Joshua Craze explains what lead to this confrontation in his piece published in Sidecar.
On 15 April, clashes began in Khartoum, Sudan’s capital, pitting the Sudan Armed Forces (SAF), loyal to Abdel Fattah al-Burhan, the general who runs the country’s governing council, against the paramilitary forces of his deputy, Mohamed Hamdan Dagalo, otherwise known as ‘Hemedti’ (little Mohamed), the Bonapartian pretender to Sudan’s throne. Initially, Hemedti’s militias, known as the RSF, or Rapid Support Forces, seemed to have the advantage. They took control of several airbases and installed themselves in Khartoum’s residential areas, auguring a difficult campaign of urban warfare for Burhan. By the end of 16 April, however, the SAF’s superior weaponry was telling, with fighter jets strafing RSF barracks and dislodging the paramilitary force from positions around the city. Much about the situation remains uncertain, even for those on the ground. All I can tell you, one friend wrote to me, is where the smoke is coming from.

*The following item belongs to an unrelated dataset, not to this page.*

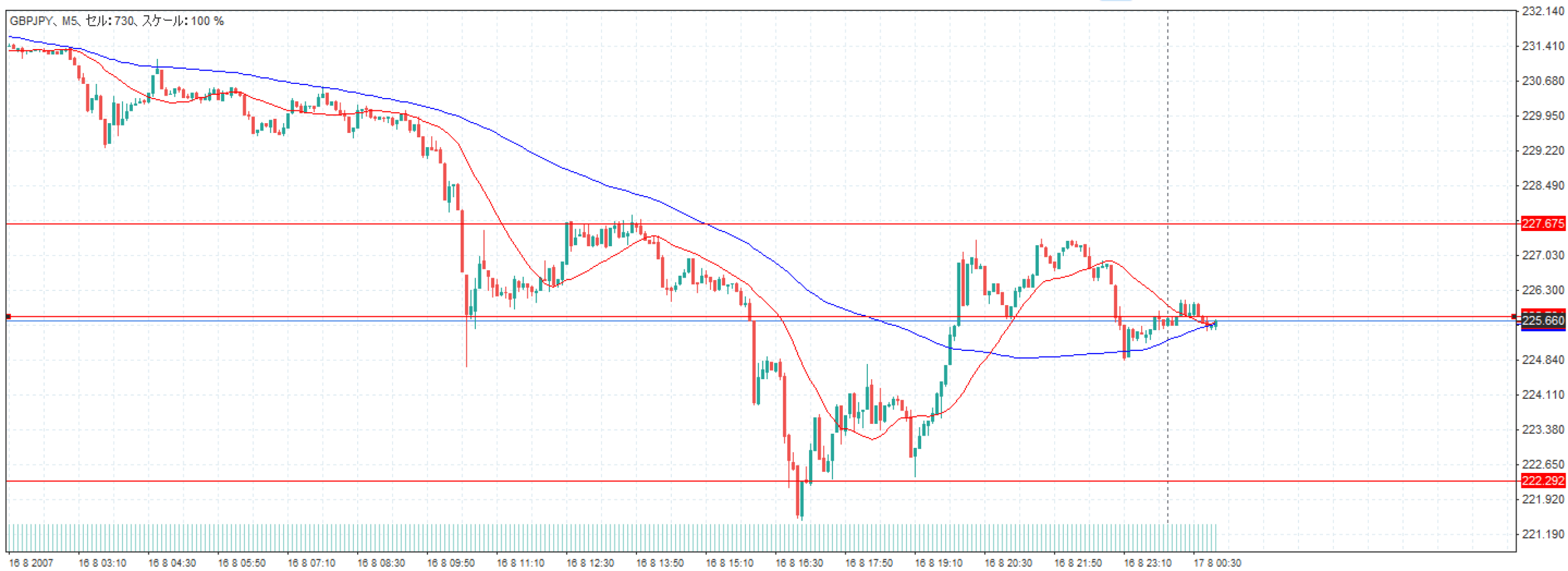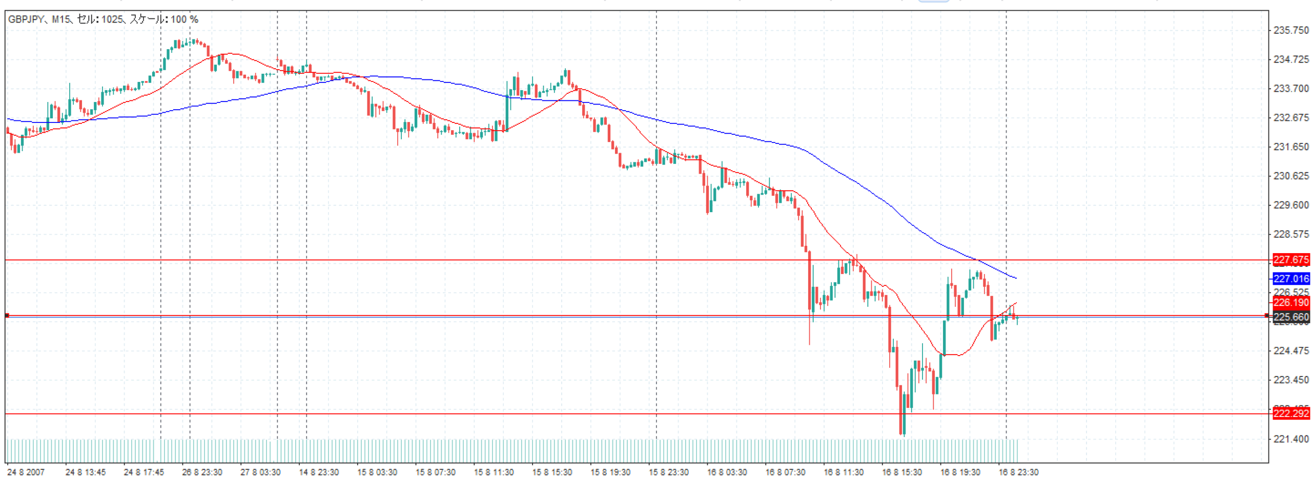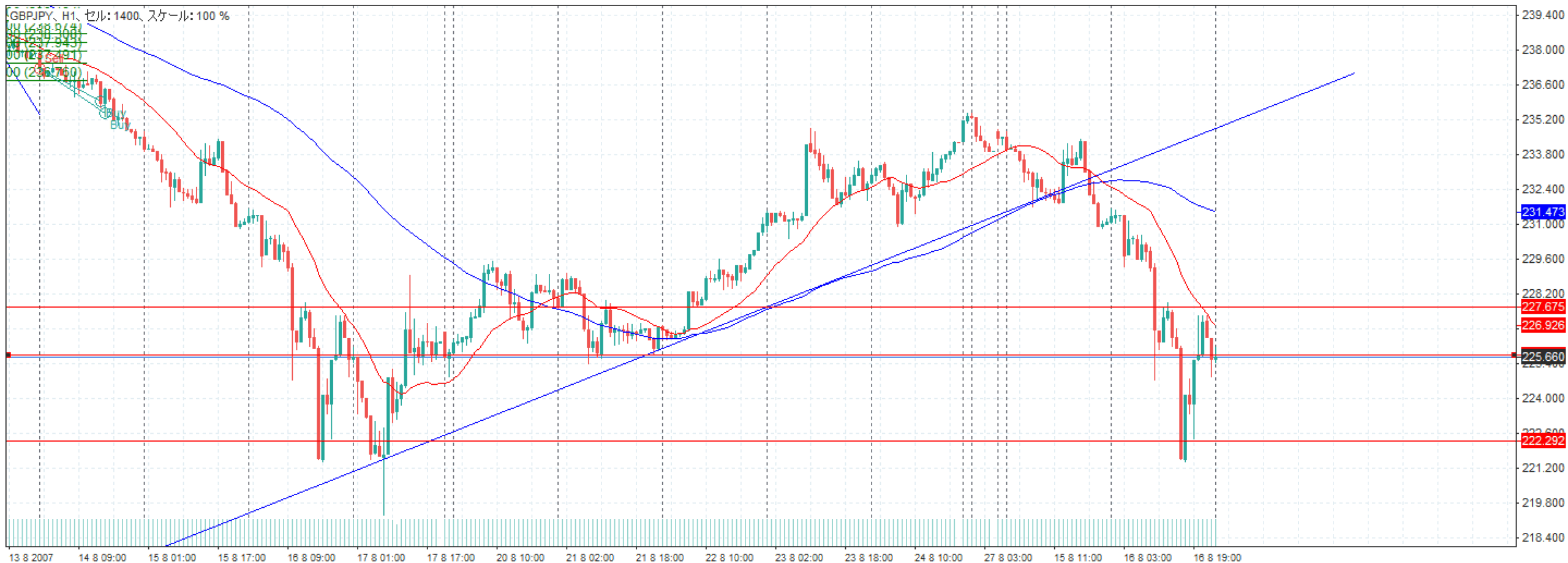 その後、安値をブレイクして225.660の水平線でレジスタンスされている
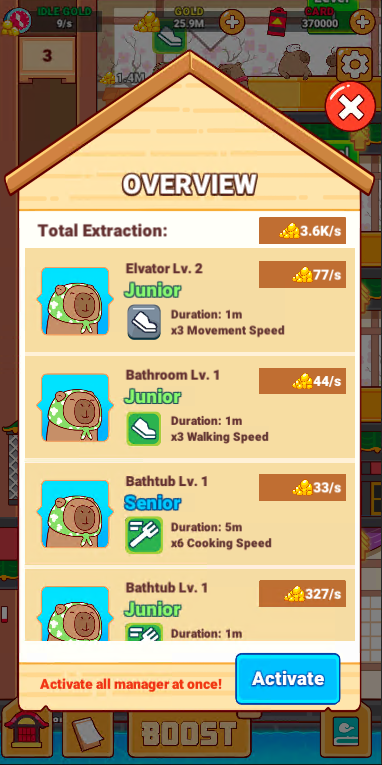 Build the ideal steam baths, hire capybaras as attentive attendants, upgrade the bathtubs, and create the perfect relaxation space for your capybara guests.

Unlike during the coup d’état of October 2021, the internet is still working, yet it has brought little clarity. The facts are concealed by claims and counterclaims, all delivered via Facebook posts.
Bashir made a Faustian pact with Sudan’s cities: accept terror in the country’s margins in exchange for cheap commodities and subsidies for fuel and wheat, whose import required foreign currency obtained from the sale of resources produced in the peripheries. Oil had begun to flow in 1999, largely from southern Sudan. Income from its sale subsidized urban consumption and greased the wheels of a transactional machine with Bashir at its centre, acting as fixer-in-chief for an unwieldy coalition of security services and politicians. Were the margins able to control their own resources, this machine would inevitably grind to a halt. Thus, their interests were structurally opposed to those of the centre – a class relation articulated as a geographical antagonism.